Così dicendo s'è fatto terribile; e appena ha nomi­nato la tempesta, un sordo fragore crescente, come di tempesta, si ode di là dalla finestra aperta, e il raggio di luna si cangia in un livido guizzante lampeggio di sinistre luci.

la giovane signora (atterrita, si nasconde il volto con le mani).

l'uomo in frak (subito, com'ella si nasconde il volto, resta in tronco, col gesto sospeso e senza più espressione nel viso, come un automa. Cessano anche d'un tratto il fragore e il lampeggiamento: torna quieto il raggio di luna, e tutto rimane in una quasi arcana immobilità, che durerà fintanto che la giovane signora terrà le ma­ni sul volto).

la giovane signora (senza staccarsi le mani dal volto, si alza e muove qualche passo verso la finestra per chiu­derla).

l'uomo in frak (pur restando sospeso ancora nell'atto­nito atteggiamento, volge soltanto il capo e le braccia nella direzione di lei, come se ella, movendo quei passi verso la finestra, per attrazione, lo facesse voltare così).

La giovane signora (si leva le mani dal volto e guardan­do la finestra resta anche lei per un istante stupita dell'immobilità di quel lume di luna, sereno. In quello stu­pore, sorride: si ricorda del « momento », che cominciò ad amare quest'uomo; fu appunto in un salotto presso una finestra per cui entrava la luna. Si volge a lui con quel sorriso sulle labbra).

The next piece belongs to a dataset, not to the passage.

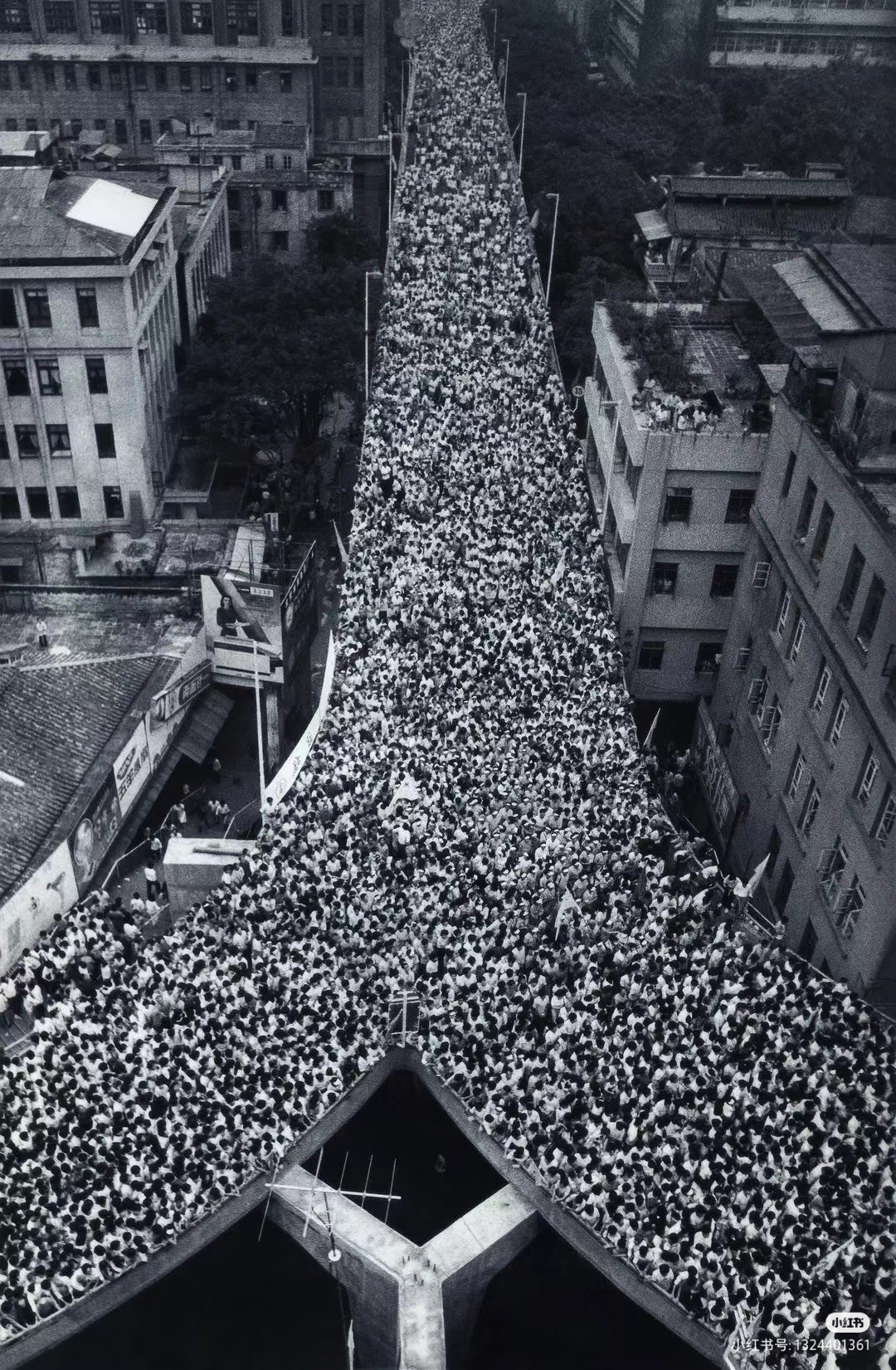 1988年,广州街头,骑车上班的人和川流不息的人群。

l'uomo in frak (assume subito l'espressione di quel « momento », cioè d'un signore che in un salotto ha visto con la coda dell'occhio la signora di cui è innamo­rato andare a una finestra, e, fingendo d'andarci anche lui per prendere un po' d'aria, resti sorpreso di trovarla li per caso).

Oh, scusate! Siete qui? Fa veramente un caldo insopportabile. Non si può più ballare. Forse sarebbe meglio andare tutti in giardino, con questa bella luna: e che qualcuno restasse qua a suonare: giù si sentirebbe la musica venire da lontano e si balle­rebbe al fresco, là nello spiazzo attorno a quella vasca che zampilla.

Da lontano, velato, come dall'alto, il suono di un pianoforte.

la giovane signora. Credevo che il giardino e questa bella luna vi dovessero far nascere il desiderio d'an­dar giù, non con tutti, ma solo con la bella signora in rosa con cui avete tanto ballato questa sera.

l'uomo in frak. Perché mi dite così? Siete stata voi...

la giovane signora (interrompendolo). Piano! Ci pos­sono sentire.

l'uomo in frak (piano e guardingo). ... voi a dirmi di non seguitare a ballare insieme, per non dar troppo nell'occhio:  e ora mi rimproverate...

la giovane signora (facendogli prima cenno di tacere, e poi sussurrandogli pianissimo). Andate giù in giar­dino senza farvi scorgere. Tra poco, appena potrò, vi. scenderò anch'io.

l'uomo in frak (felice, dopo aver spiato in giro con gli occhi se nessuno dal salotto lo scorga, le prende una mano e gliela bacia furtivo). Vado. V'aspetto. Presto!

E s'allontana dalla finestra: si muove guardingo per il salotto in direzione dell'uscio chiuso: vi giunge: torna a guardare circospetto come uno che voglia co­gliere il momento opportuno per aprire quell'uscio: lo apre: esce.

la giovane signora (rimane, come nascosta, nel vano della finestra, avvolta nel raggio di luna. A poco a poco questo raggio si smorza insieme col lume a terra e si fa sempre più lontano e fievole il suono del pianoforte, perché la visione di quel « momento » lentamente si spegne in lei. Quando si sarà al tutto spenta e il suono del pianoforte con essa, nell'attimo di bujo che prece­derà il riaccendersi dei tre globi rosati della lumiera, la finestra sarà richiusa, la giovane signora sarà tornata a sedere sul divano al posto di prima).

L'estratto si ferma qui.